デモで行う10万通貨と、リアルの10万通貨は全くもって違うし、損切りになる金額も必然的に大きくなる。連敗すれば、数量は重圧を押し付ける以外の何者でもありません。

 

莫大な数量を扱い(100万通貨以上)、月に50pips程度を安定的に取り続ける

 

確かにこれなら、トレードで専業でも食っていけると思うし、もし上記pips数でずっと生きているのなら尊敬します。自分には絶対に出来ない方法だから。

 

ですが、常に吊り橋を渡るような数量の増加スピードで、そのレベルにまで辿りつけると思いますか?天才なら出来るでしょうが、我々はそうではないでしょ?

 

少ない獲得pipsを否定してはいません。

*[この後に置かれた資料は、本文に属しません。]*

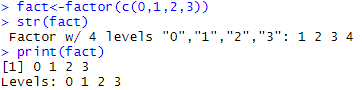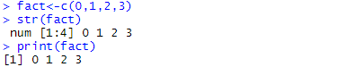 fact<-c(0,1,2,3) str(fact) print(fact) |
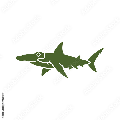 Fototapeta premium Cute hammerhead shark cartoon illustration ocean marine life underwater...
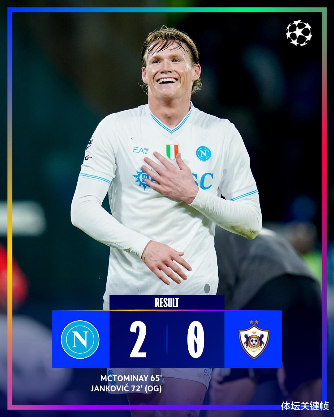 斯科特・麦克托米奈参与了球队的两粒进球,助力那不勒斯斩获本赛季联赛阶段第二场胜利。上半场双方均有精彩射门,卡拉巴赫前锋伊曼纽尔・阿达伊的远射稍稍偏出,戴维・内雷斯的倒钩射门被马特乌什・科哈尔斯基扑出,半场双方 0 - 0 战平。
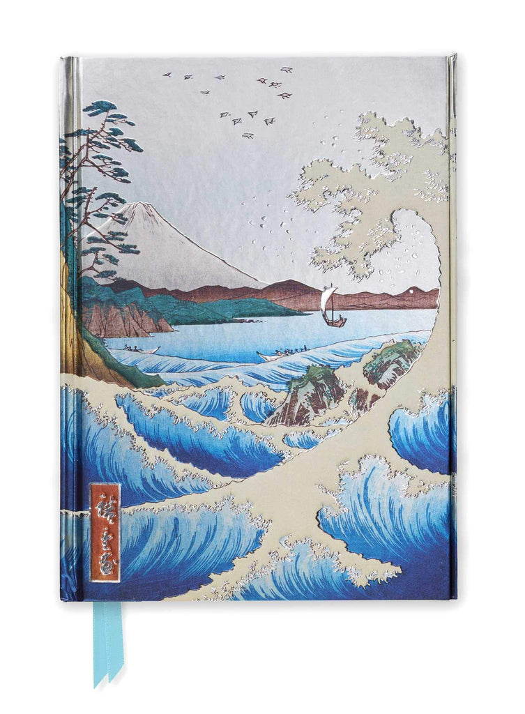 Part of a series of exciting and luxurious Flame Tree Notebooks. Combining high-quality production with magnificent fine art, the covers are printed on foil in five colours, embossed then foil stamped. And they’re powerfully practical: a pocket at the back for receipts and scraps, two bookmarks and a solid magnetic side flap. These are perfect for personal use and make a dazzling gift. This example features Hiroshige's timeless Sea at Satta design.

ただ専業レベル(月に50~100万以上)で大きく稼ぐには、

 

・絶対に揺れない強靭なメンタル

・誰よりも抜けた「自分を信じる力」

 

この2つが客観的に見て、異常かつ狂っているレベルで持ち合わせている必要があります。

 

FXは獲得pipsが多いと数量管理で有利【証拠金も少なめOK】

 

個人的には数量を上げていくより、獲得pips向上を優先して取り組んだ方が、稼ぐスピードは早いと思います。

 

仮にそれをプロセスとして踏んでいくのであれば、

 


1.多少なりとも獲れるpips数を増やす(手法の優位性向上)

2.数ヵ月に1回は「数量の上下調整」を繰り返す

3.結果的に少しつづ扱える数量(心の器)を形成していく

4.「1~3」もしくは「2~3」をループさせる

 

これが数量UPを含めれば、現実的な利益額増加への道だと考えます。

 

ただイメージがしづらい方もいると思うので、以降では月30万を稼ぐと仮定した上で、必要となってくるpipsと数量・証拠金の関係を画像にしてみました。

 

国内口座を想定しての数値が前提

 

想定損切り幅は、これぐらいの獲得pipsならこれだけのリスクは最低取るだろうと、僕の経験なら導き出した数値です。

 

(*2)の必要証拠金は「フルレバレッジ」の金額なので、このトレードは絶対にオススメしない。

 

(*3)損切りのリスクを資産に対し「0.5%前後」にしている理由は、後で説明します。

 

さて、画像の結果通りに見ていくと、

 

明らかに獲得pipsが少ない場合は、多くの証拠金必要です。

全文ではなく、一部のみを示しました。